Data extract:
▼

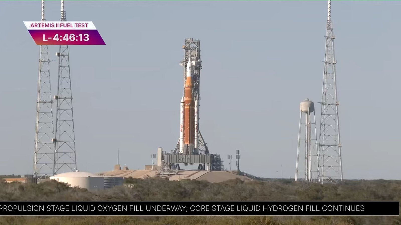 A agência espacial hoje (2 de fevereiro) Ártemis 2 missionário sistema de lançamento espacial Foguete (SLS), carregando mais de 700.000 galões (2,65 milhões de litros) de hidrogênio líquido criogênico (LH2) e oxigênio líquido (LOX) em um veículo de dois estágios localizado na plataforma de lançamento 39B Centro Espacial Kennedy (KSC) na Flórida.
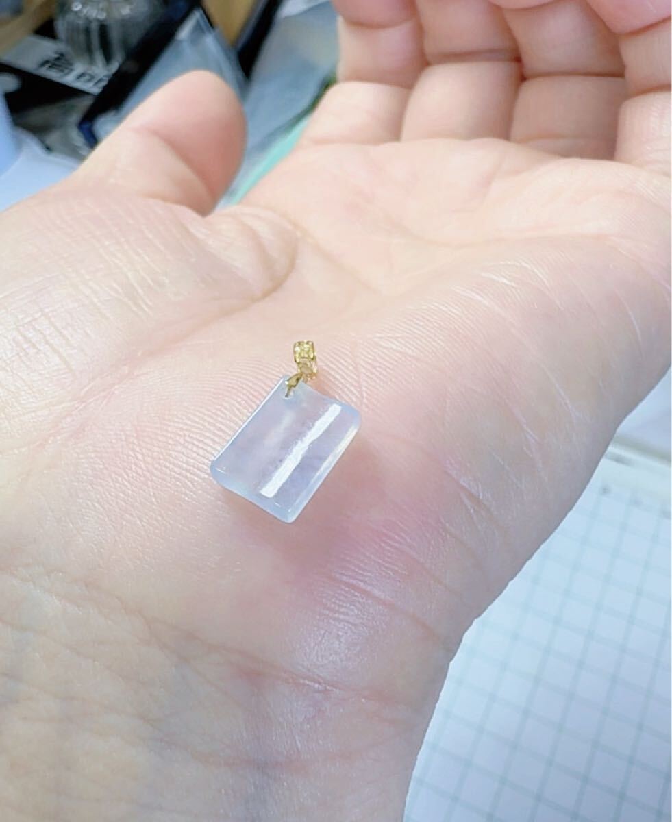 R2-01053天然本翡翠《本物保証》 白氷翡翠 ミャンマー産 ミニペンダント K18 チェーンs925 45cm 一点物 希少 縁起物 お守り パワーストーン
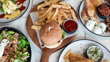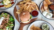 Tabletop filled with a juicy burger beside a pile of golden fries, surrounded by an inviting spread of assorted dishes, crispy appetizers creating a hearty, mouthwatering feast.
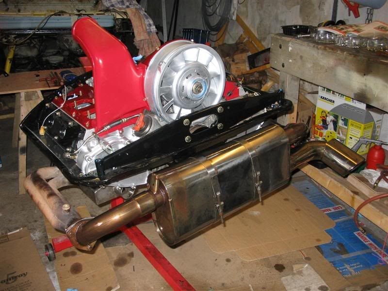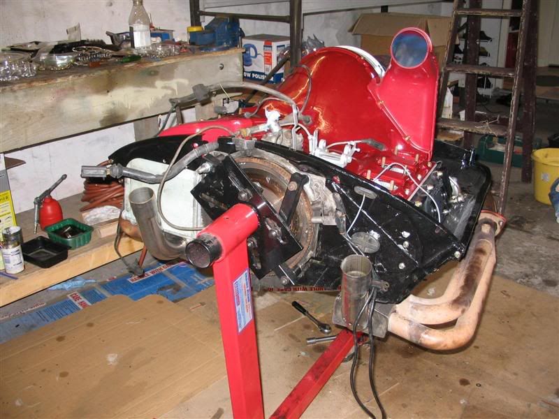 The fibreglass fan shroud and other bits got hit with a burgandy colour, which just happens to be the colour of the interior (cabin).

▲

Your goal: When you copy the data above, keep each line exact and omit the pictures.

Task response:
 A agência espacial hoje (2 de fevereiro) Ártemis 2 missionário sistema de lançamento espacial Foguete (SLS), carregando mais de 700.000 galões (2,65 milhões de litros) de hidrogênio líquido criogênico (LH2) e oxigênio líquido (LOX) em um veículo de dois estágios localizado na plataforma de lançamento 39B Centro Espacial Kennedy (KSC) na Flórida.
 R2-01053天然本翡翠《本物保証》 白氷翡翠 ミャンマー産 ミニペンダント K18 チェーンs925 45cm 一点物 希少 縁起物 お守り パワーストーン
 Tabletop filled with a juicy burger beside a pile of golden fries, surrounded by an inviting spread of assorted dishes, crispy appetizers creating a hearty, mouthwatering feast.
 The fibreglass fan shroud and other bits got hit with a burgandy colour, which just happens to be the colour of the interior (cabin).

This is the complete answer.